** Opening Source material block **
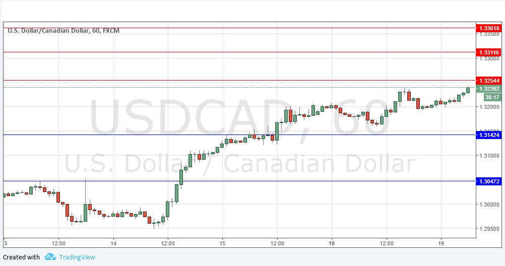 I wrote yesterday that it would be a surprise if we did not see still higher prices over the next few days. The resistance at 1.3250 may hold the price down, at least for a while, as that is confluent with a key psychological level. I had a bullish bias today below 1.3250. This worked out OK as the price has continued to rise broadly, not by a lot, but by something. Commodity currencies are generally very weak right now, with the Canadian and Australian Dollars hit hard by the talk of new tariffs. The Australian Dollar is falling more rapidly than the Canadian Dollar.
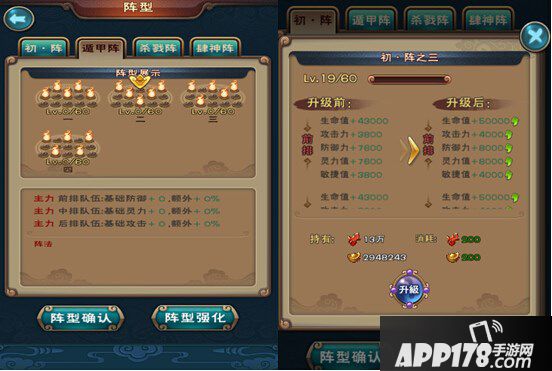 另外阵型方面开放等级养成,使用对应阵法,随着该阵法等级的提升,属性也会得到增强,阵法养成需要消耗战气,只有达到指定等级才会消耗元宝,满级为60级。
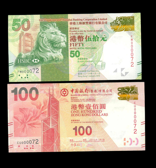 2012-16 香港上海匯豐/中國銀行$50-$100 UNC 編號: FM000072…(同號,共2張)
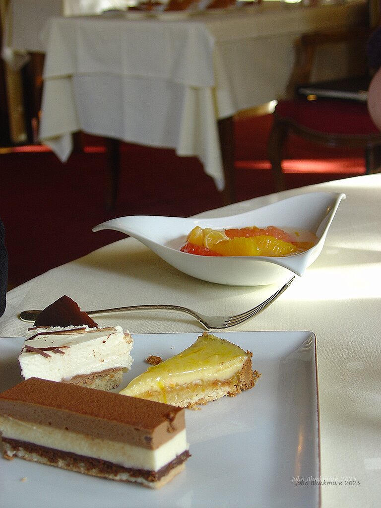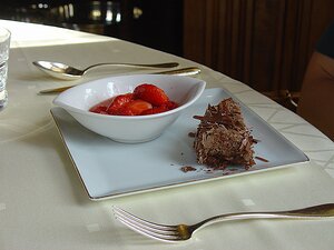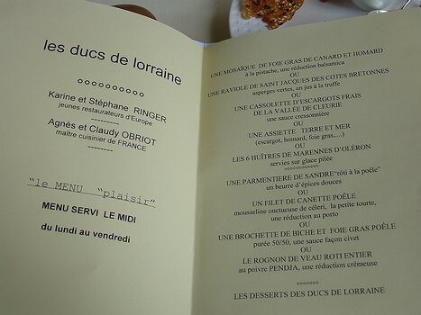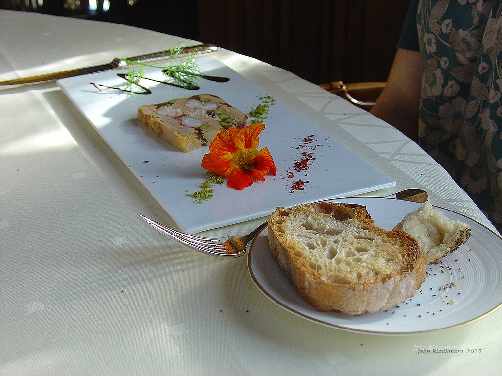 Une mosaique de foie gras de canard et homard a la pistache, une reduction balsamica
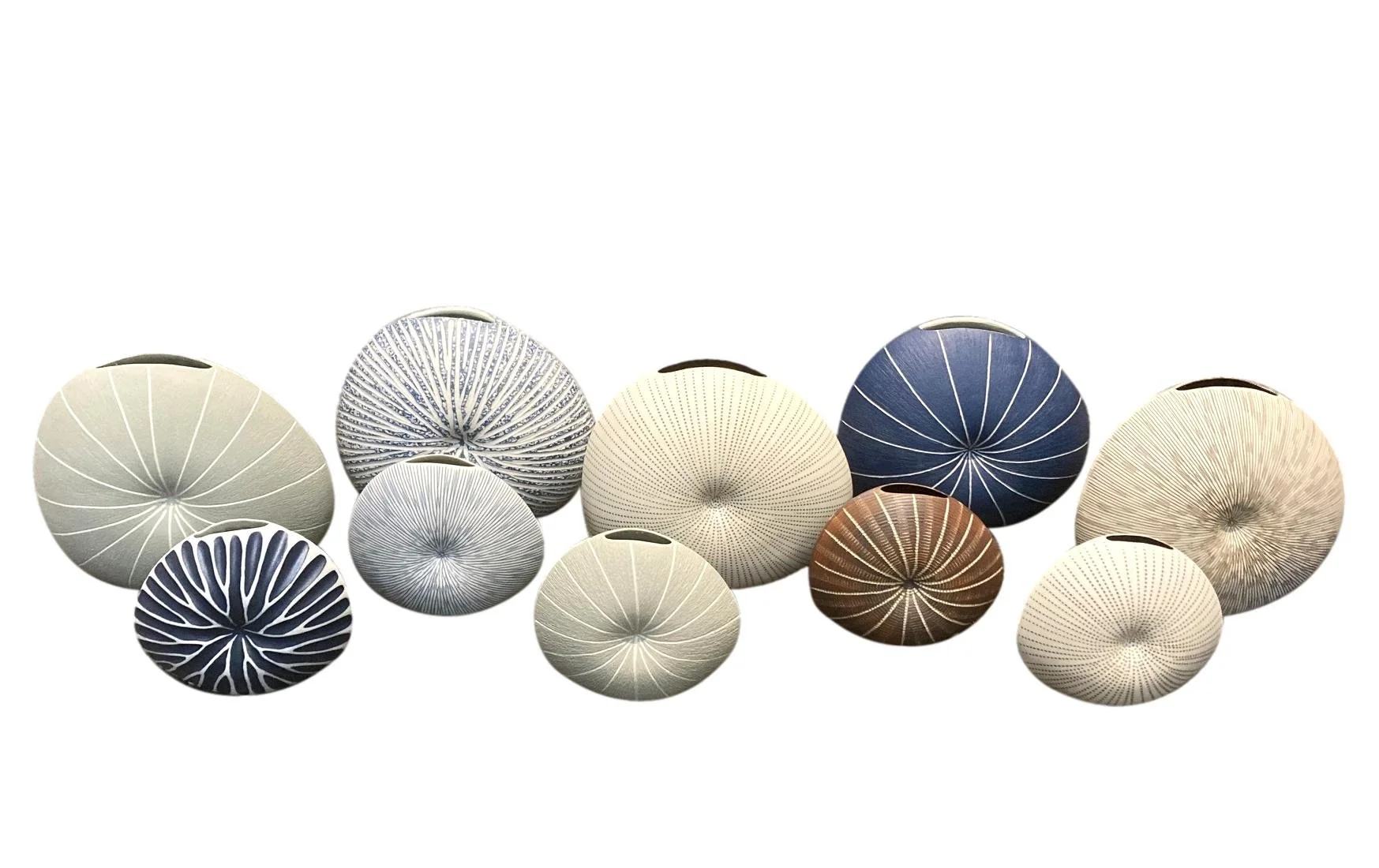 View fullsize  Small Diva Round Vase - 7x3.5x6h  Grey/White Line - FT16225GR17; Carved Blue - FT225BL16; Brown Dot - FT225W23; Blue/White Line  FT225BL17; Brown Line FT225W1  Mini Diva Round Vase - 5x2x4h  Blue/White FT226BL6;  Black Line FT226W22;  Grey/White Lin
** Closing Source material block **
* About this exercise: Make a word-for-word copy of the entries, without any pictures.

* Task output:
 I wrote yesterday that it would be a surprise if we did not see still higher prices over the next few days. The resistance at 1.3250 may hold the price down, at least for a while, as that is confluent with a key psychological level. I had a bullish bias today below 1.3250. This worked out OK as the price has continued to rise broadly, not by a lot, but by something. Commodity currencies are generally very weak right now, with the Canadian and Australian Dollars hit hard by the talk of new tariffs. The Australian Dollar is falling more rapidly than the Canadian Dollar.
 另外阵型方面开放等级养成,使用对应阵法,随着该阵法等级的提升,属性也会得到增强,阵法养成需要消耗战气,只有达到指定等级才会消耗元宝,满级为60级。
 2012-16 香港上海匯豐/中國銀行$50-$100 UNC 編號: FM000072…(同號,共2張)
 Une mosaique de foie gras de canard et homard a la pistache, une reduction balsamica
 View fullsize  Small Diva Round Vase - 7x3.5x6h  Grey/White Line - FT16225GR17; Carved Blue - FT225BL16; Brown Dot - FT225W23; Blue/White Line  FT225BL17; Brown Line FT225W1  Mini Diva Round Vase - 5x2x4h  Blue/White FT226BL6;  Black Line FT226W22;  Grey/White Lin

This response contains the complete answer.